Ира на воле была машинисткой и, как многие, сидела «за иностранцев». И она любила их общество, и муж её тоже. Муж им чего-то «наклеветал», и его расстреляли, а Ире дали 25 лет. Помню песни Вертинского, которые пела Ирочка в Куйбышеве на пересылке, оплакивая свою молодую жизнь и жалея меня и всех. Рассказывала она о красивой жизни, и мне было смешно и любопытно. Помню также, что о евреях и она была неважного мнения, несмотря на хорошего человека, своего бывшего жениха. Помню, как немного позже, на 49-й колонне, мы рыли канаву, пошёл дождь и лил много часов. Работать было невозможно, спрятаться некуда, а нас всё не снимали. Ирочка стояла в линялом платье второго срока, в белой косынке, опершись на измазанную глиной лопату, и плакала, что всё так ужасно.

Как и многие, она вернулась в 1956 году в Москву. Теперешний её муж сидел 18 лет, всё помнит и всего боится. И он еврей*.

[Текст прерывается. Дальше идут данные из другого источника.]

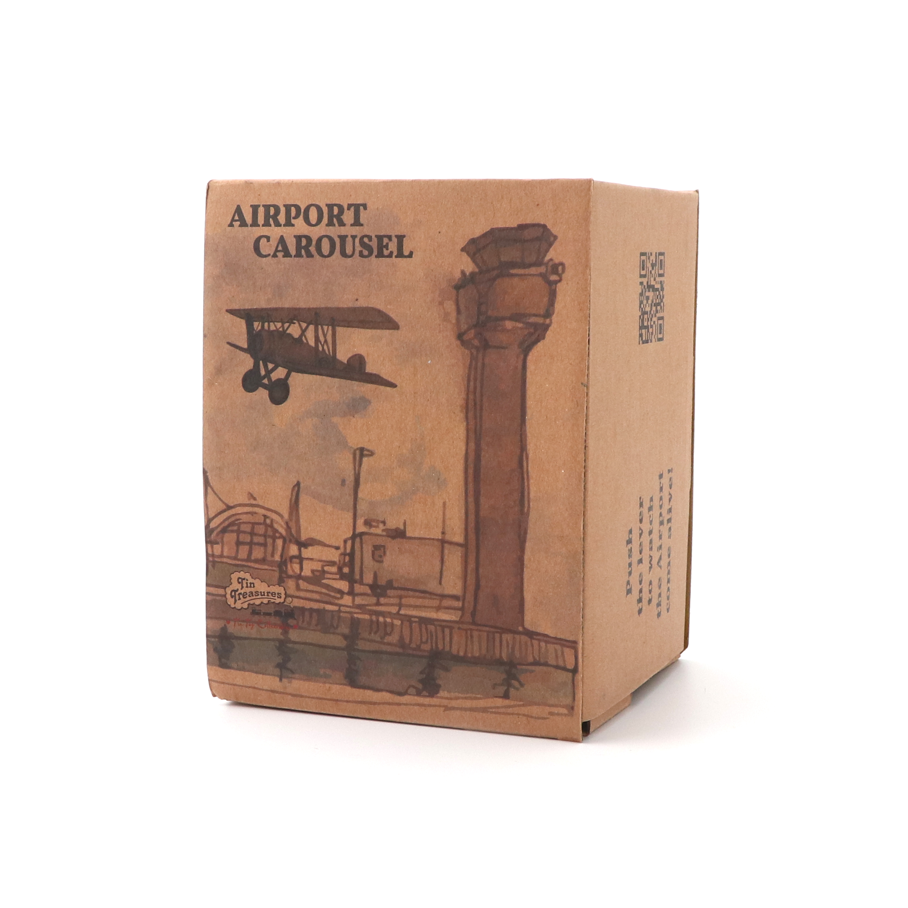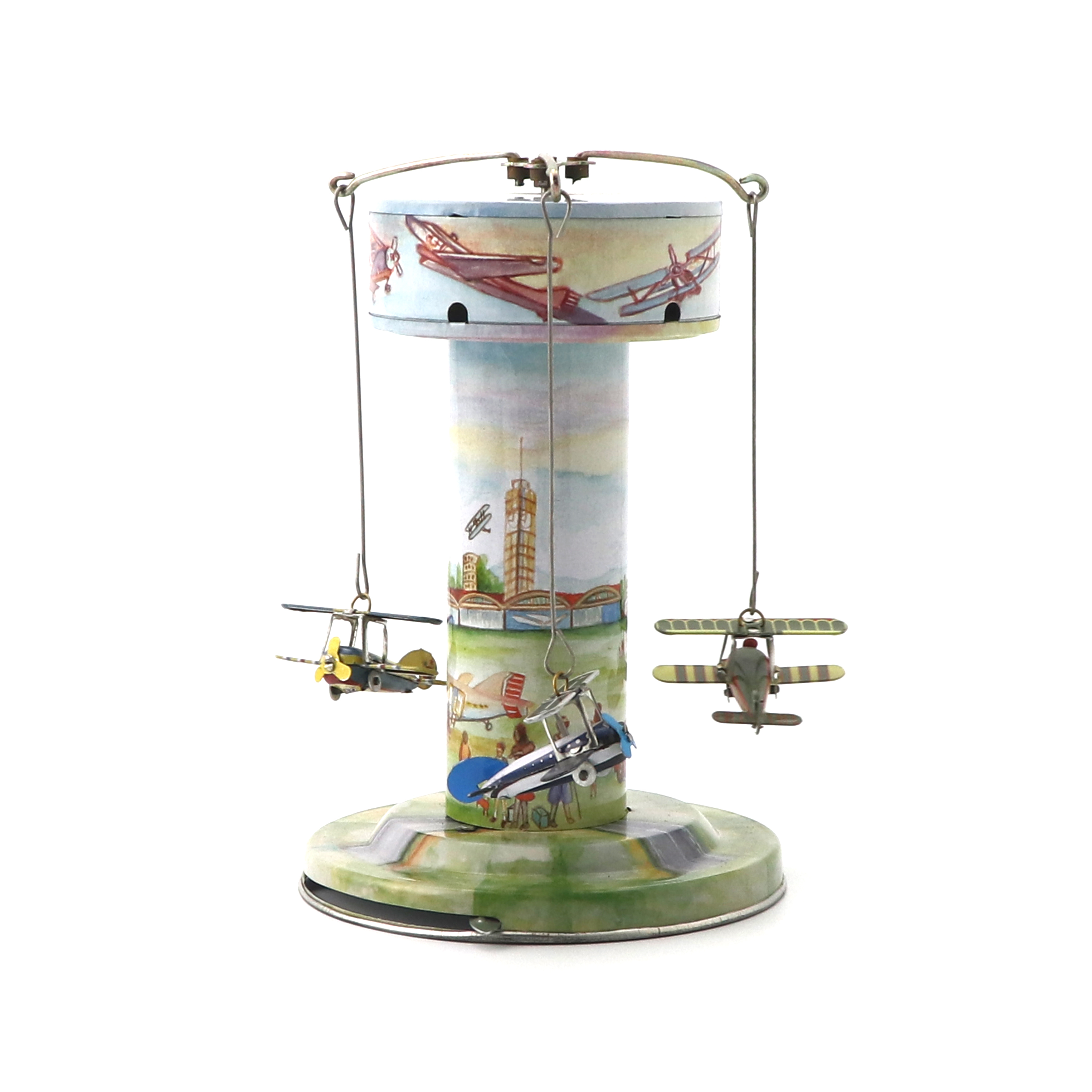 下部のレバーを引くと、その勢いで複葉機たちがくるくると回転します。レバーが戻るにつれてスピードがゆっくりと落ちていく、ゼンマイ式の動きが魅力です。

От Москвы до какой-то из пересылок, откуда часть заключённых отправили в Караганду, с нами ехала Ева, которая сидела с Ирой целый год вдвоём в одной камере в Лефортове. Это была крайне странная девица, случайно замешанная в деле, подобном нашему, только в Ленинграде. У них тоже было три смертных приговора. Помню фамилию одного из расстрелянных - Берлин**. Ева перестукивалась в камере со своим соседом, а потом донесла, что он высказывает антисоветские взгляды. Говорят, что и в лагере она продолжала из патриотизма стучать. Когда мы в набитом, как полагается, арестантском вагоне ехали от Куйбышева до Челябинска, ночью с нами тремя разговорился конвоир. Он стоял по другую сторону решётки и тихо говорил нам, как ужасно служить так, как он, ведь он не верит в то, что все мы – враги. Мы молчали и, зная, на что способна Ева, мы с Ирой очень за него боялись, но прекратить его исповедь было невозможно, и он всё говорил и говорил, пока не ушёл куда-то, а мы уснули. В этом же вагоне была такая сцена. Как всегда в этапе, нас кормили селёдкой, воды давали два раза в день, и на оправку водили два раза, утром и вечером. С нами ехала старая женщина, адвока Ревекка Исаковна Гойхбарг (ей дали всего 5 лет. Чтобы она призналась в антисоветской агитации, её посадили в карцер. Она призналась, но потом ей как-то удалось отказаться от показаний. Отпустить было нельзя, вот и дали такой необыкновенный срок. Надеюсь, она благополучно прожила ещё год с небольшим и попала под амнистию 1953 года, когда освободили тех немногих из политических, у кого было не более 5-ти лет). Р.И. не могла выдержать такого режима и просила вывести её. Естественно, её не выпускали, хотя, надо сказать, что с нами, женщинами, обращались мягче, чем с мужчинами: их просьбы вывести в уборную раздавались целыми днями. Хорошее изобретение эти вагоны! Только непонятно, почему люди терпят, почему не выразят протеста единственным доступным образом? Это сразу прекратило бы издевательства. Мне рассказывала мать об одной актрисе, которая согласилась стучать потому, что следователь не выпускал её из кабинета в уборную. В нашем случае голос протеста подала я, меня решили наказать и, за неимением в вагоне карцера, заперли в этой самой, недостижимой для всех уборной. Я очень веселилась, но старуху так и не вывели до срока.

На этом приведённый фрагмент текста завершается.